**Action item**:
Your copy starts at the line containing "Dzieci z grup" and ends at the last line of the material below. Reproduce those lines exactly, with no pictures.

**Collected material**:
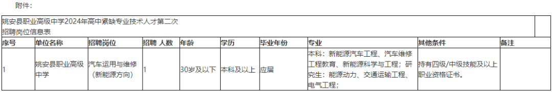 姚安县职业高级中学2024年第二次紧缺专业技术人才招聘公告
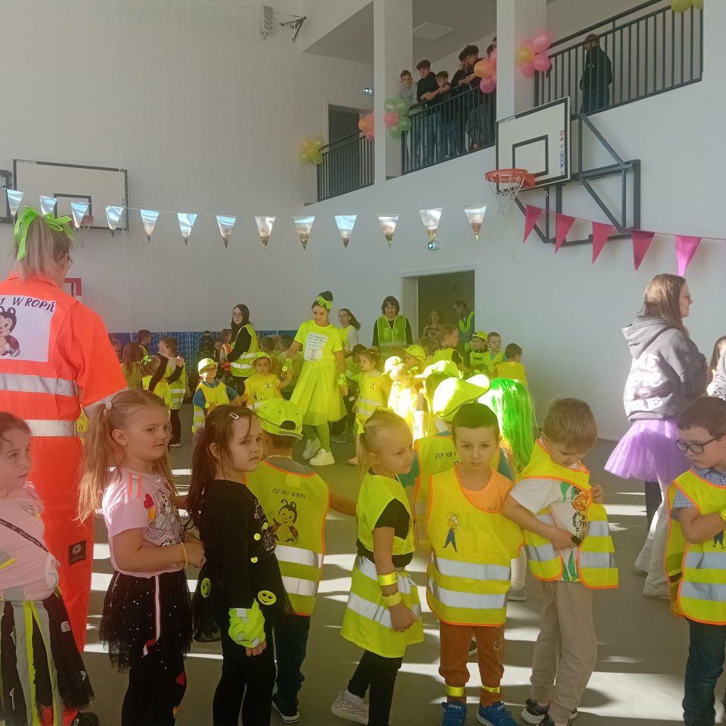 Dzieci z grup przedszkolnych: Biedroneczki, Żabki, Pszczółki i Wiewióreczki wzięły udział w wielkim finale akcji „Odblaskowa szkoła wkracza do przedszkola”, który odbył się w ZSP nr 2 w Ropie. Przedszkolaki zaprezentowały pomysłowe, kreatywne stroje odblaskowe, a dodatkowo przygotowały piosenkę o odblaskach, którą pięknie zaśpiewały przed publicznością🦺. Jedno dziecko zaprezentowało także wierszyk o bezpieczeństwie, zdobywając gromkie brawa! 👏
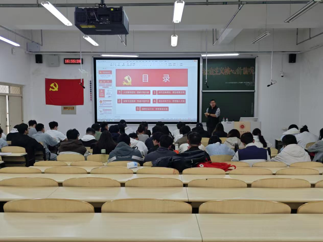 太阳成集团tyc151cc杨明明老师以“社会主义核心价值观”为主题进行授课。他讲解了社会主义核心价值观的内涵,并分析其重要意义。最后杨明明老师总结,社会主义核心价值观既是国家价值导向,也是青年行为准则,青年要加强学习践行,成长为可担民族复兴重任的时代新人。

**Your solution**:
 Dzieci z grup przedszkolnych: Biedroneczki, Żabki, Pszczółki i Wiewióreczki wzięły udział w wielkim finale akcji „Odblaskowa szkoła wkracza do przedszkola”, który odbył się w ZSP nr 2 w Ropie. Przedszkolaki zaprezentowały pomysłowe, kreatywne stroje odblaskowe, a dodatkowo przygotowały piosenkę o odblaskach, którą pięknie zaśpiewały przed publicznością🦺. Jedno dziecko zaprezentowało także wierszyk o bezpieczeństwie, zdobywając gromkie brawa! 👏
 太阳成集团tyc151cc杨明明老师以“社会主义核心价值观”为主题进行授课。他讲解了社会主义核心价值观的内涵,并分析其重要意义。最后杨明明老师总结,社会主义核心价值观既是国家价值导向,也是青年行为准则,青年要加强学习践行,成长为可担民族复兴重任的时代新人。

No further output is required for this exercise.